SAN FRANCISCO: This California summer, passers-by on the streets of San Francisco can be divided into two camps: Blase locals who are used to a parade of moving cars with no drivers, or gob-smacked tourists fumbling for their smartphones to capture this long-promised vision of the future.
Katherine Allen climbs into a white Jaguar, which then pushes out carefully into the traffic in a busy neighborhood crisscrossed by jaywalkers and cyclists.
The 37-year-old lawyer has been voluntarily testing Waymo's robot cabs since the end of 2021. At first, there was always an employee of this subsidiary of Alphabet - Google's parent company - on board, there to grab the wheel if needed.
And then one night with very little warning, the car came to her unchaperoned.
"I was really nervous the first time, but not too nervous that I didn't want to take it.

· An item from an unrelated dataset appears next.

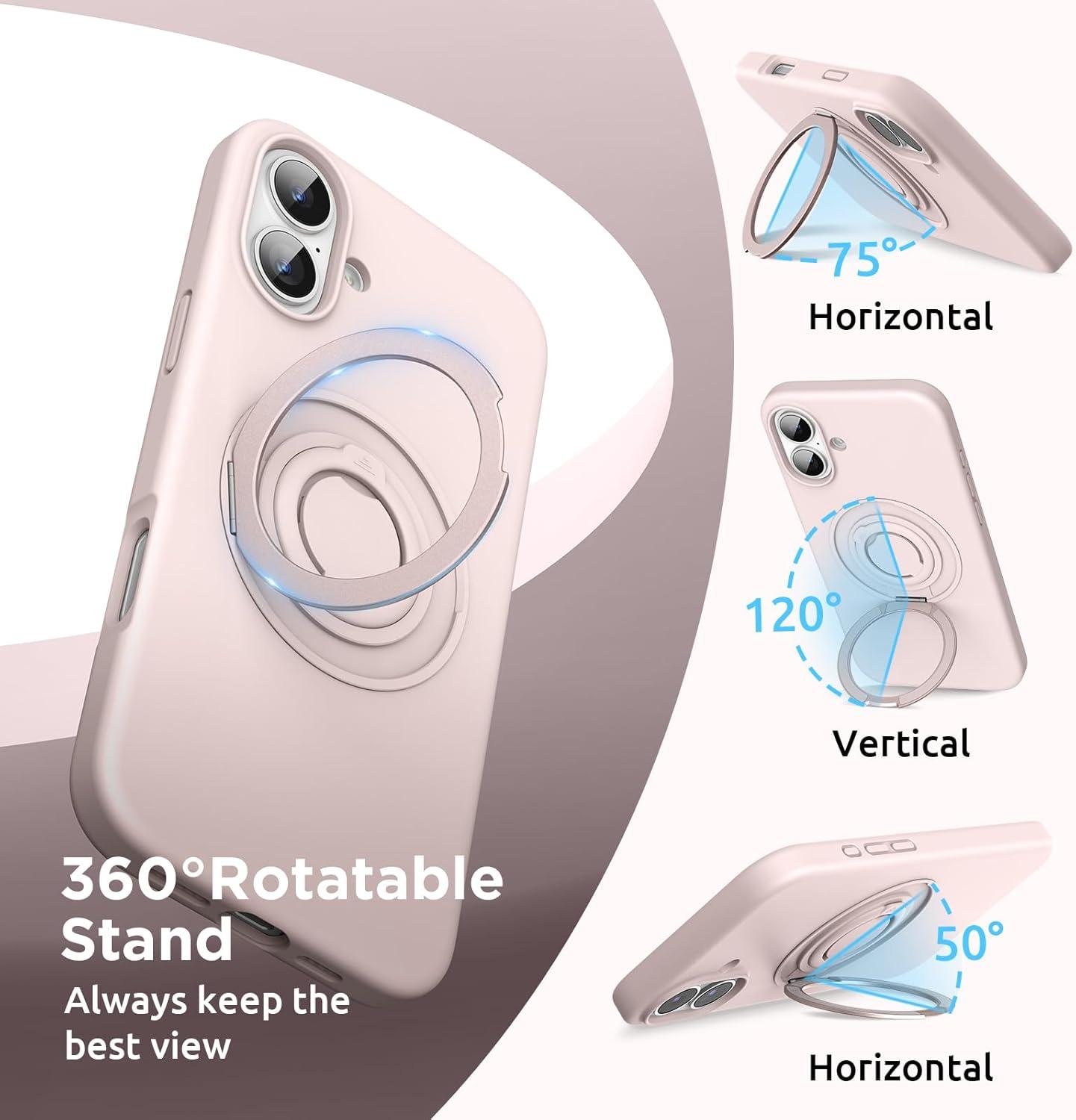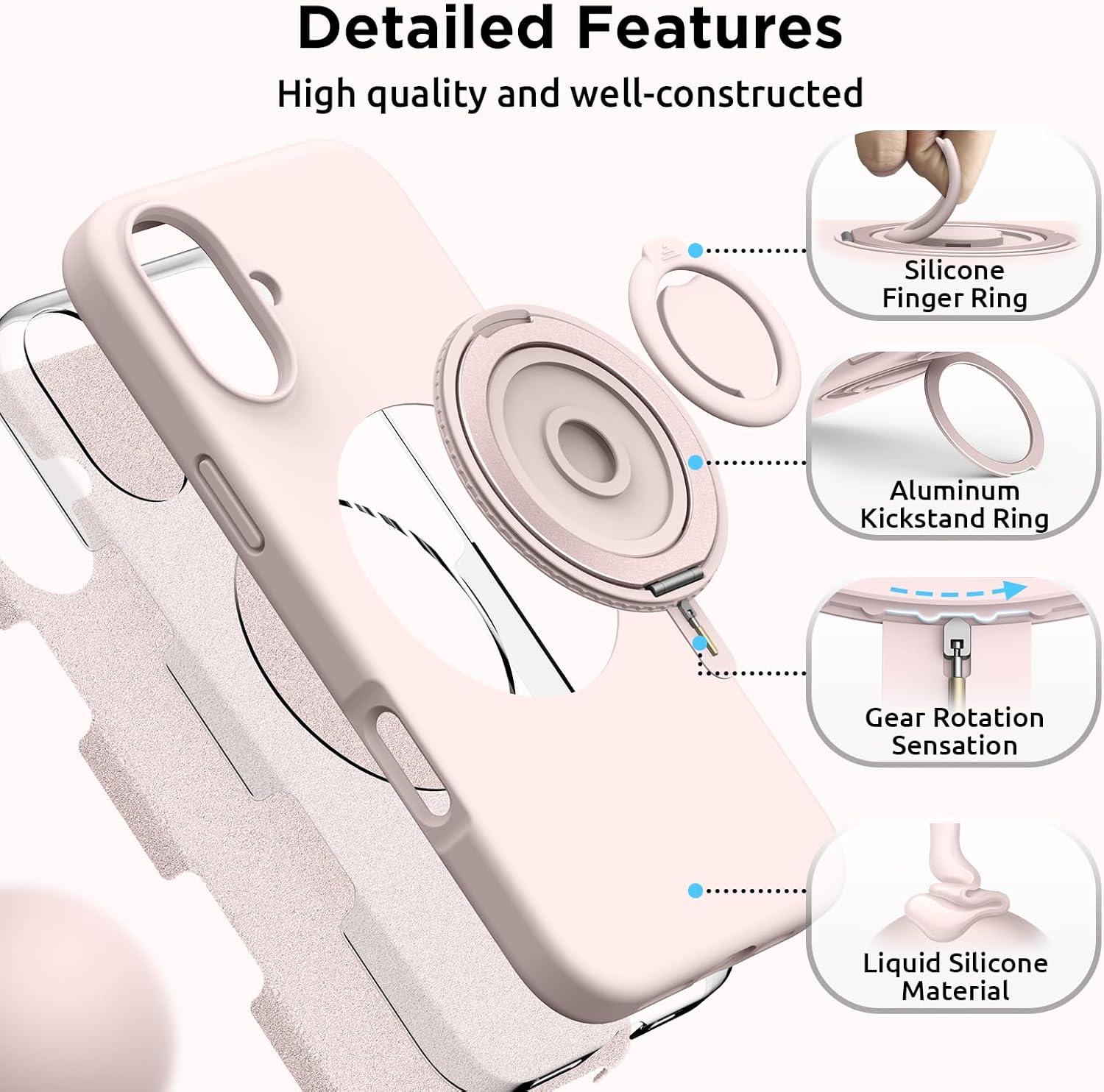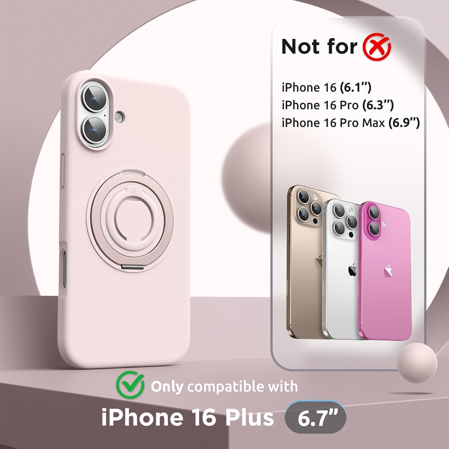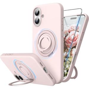 SURPHY 360° Magnetic Stand for iPhone 16 Plus Case with Finger Ring, Compatible with MagSafe, with Screen Protector, Ring Stand and Finger Phone Case for 16 Plus 6.7 inch 2024, Frosted Black(Light Pink)

I was excited too," she said.
"For the first two thirds of the trip, maybe 20 minutes or so, I was freaking out and then all of a sudden it just sort of felt normal, which is weird, because it wasn't normal!"

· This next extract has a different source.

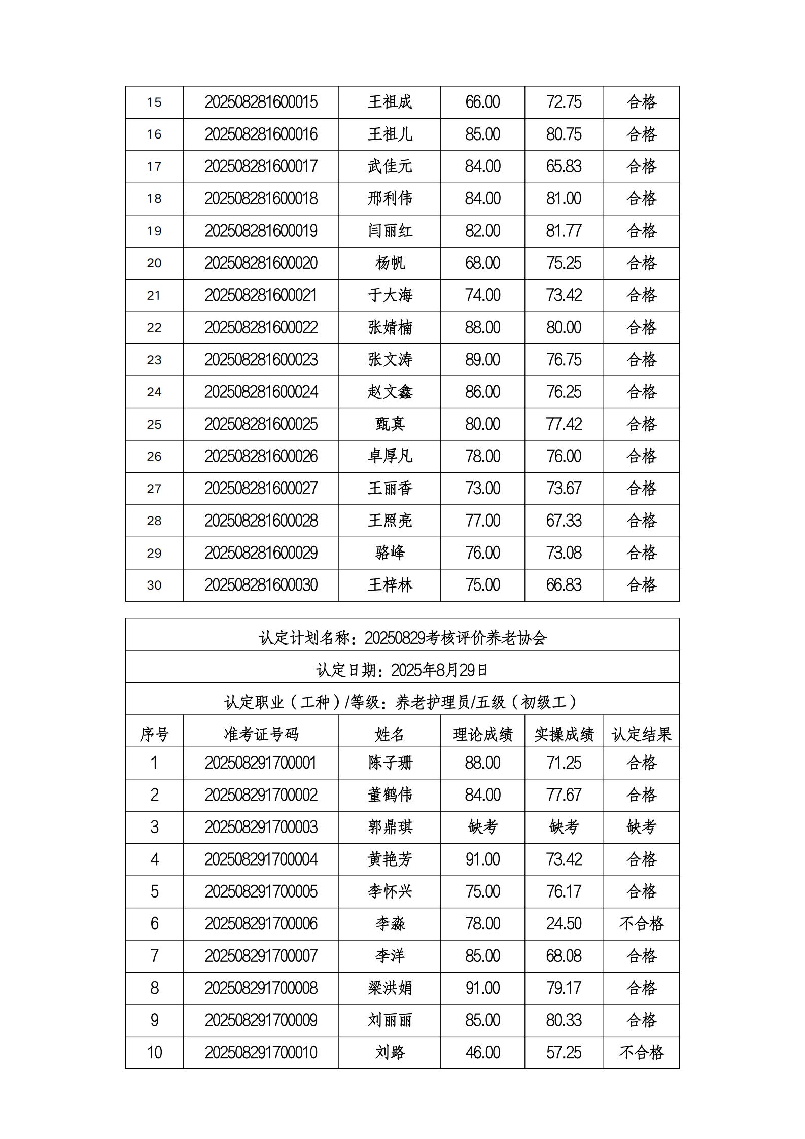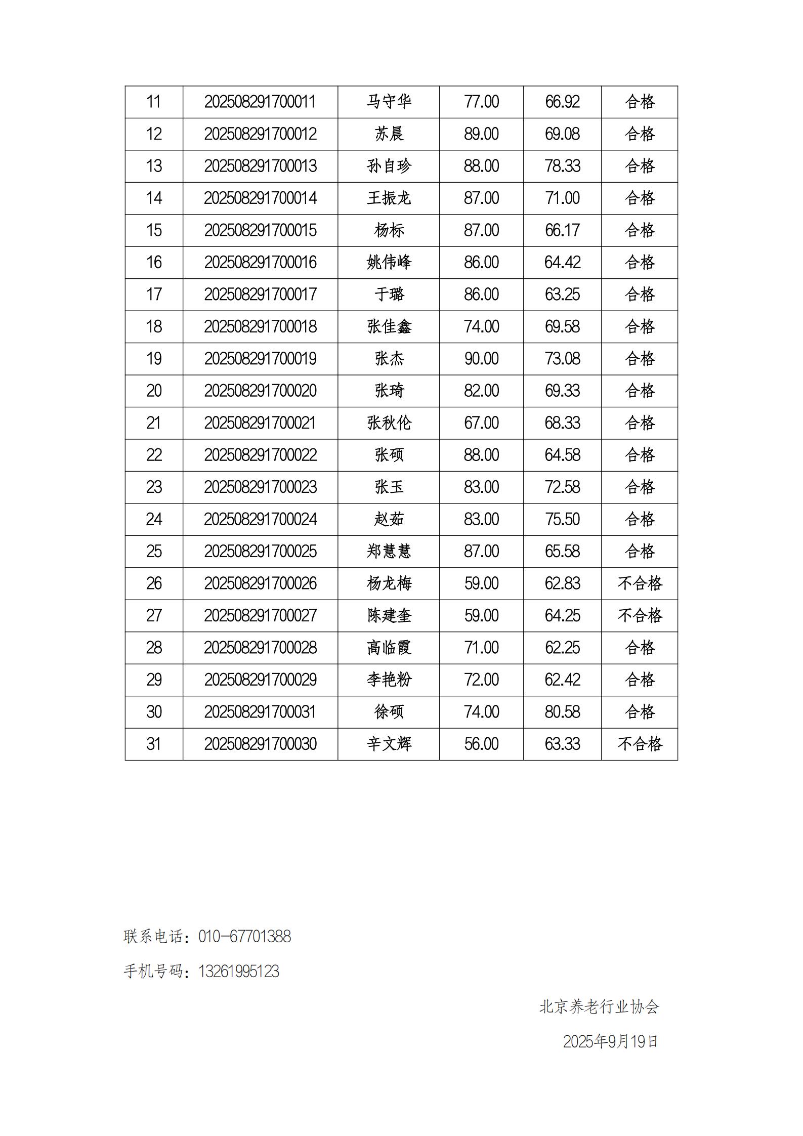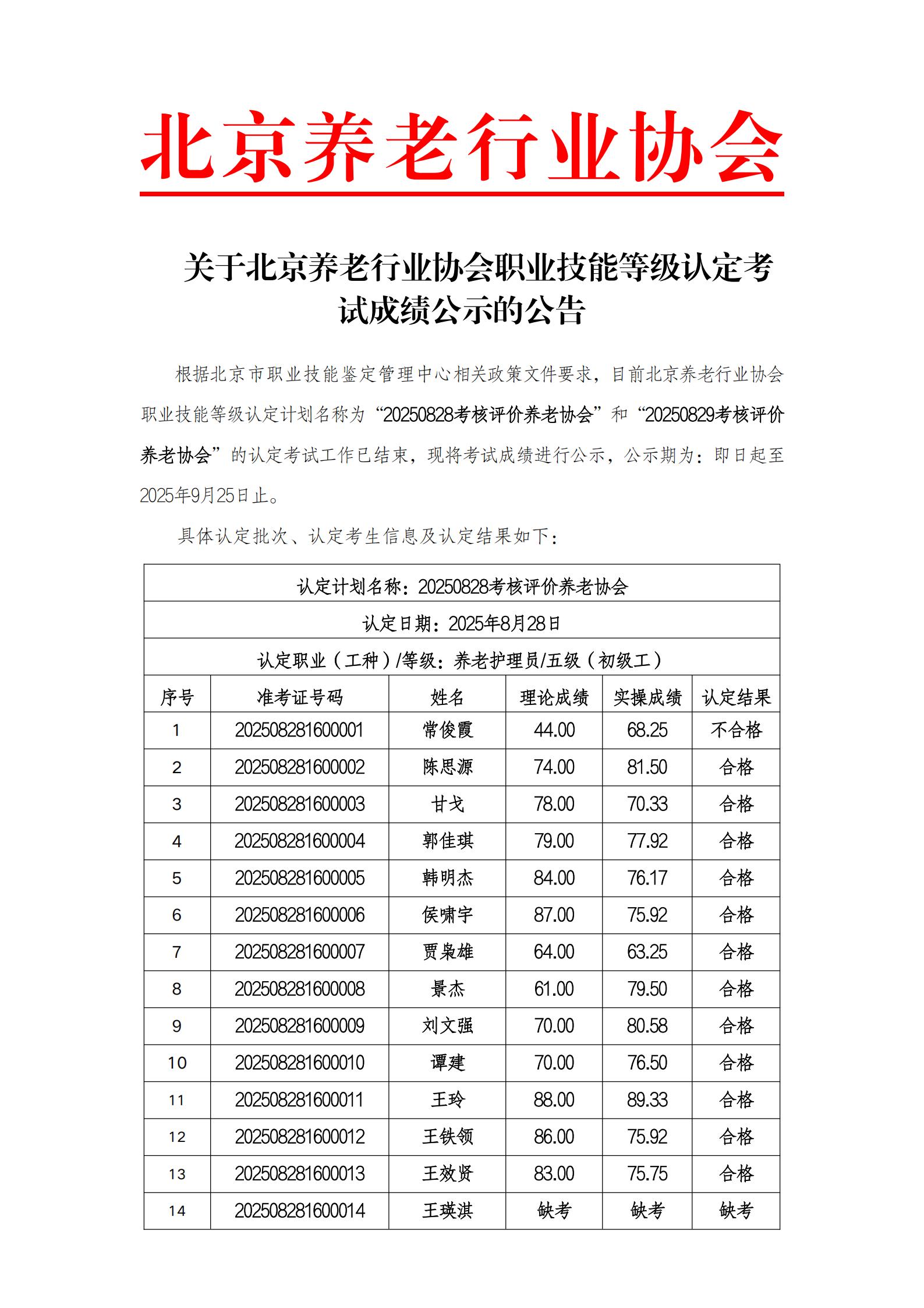 关于北京养老行业协会职业技能等级认定考试成绩公示的公告

The vehicles in San Francisco are operated by Waymo and General Motors-owned Cruise, and earlier this summer both operators received permission by a California regulator to operate 24/7 across the city except on freeways.
This made San Francisco the first major city with two fleets of driverless vehicles fully operating that the companies hope will drive their expansion elsewhere across the United States.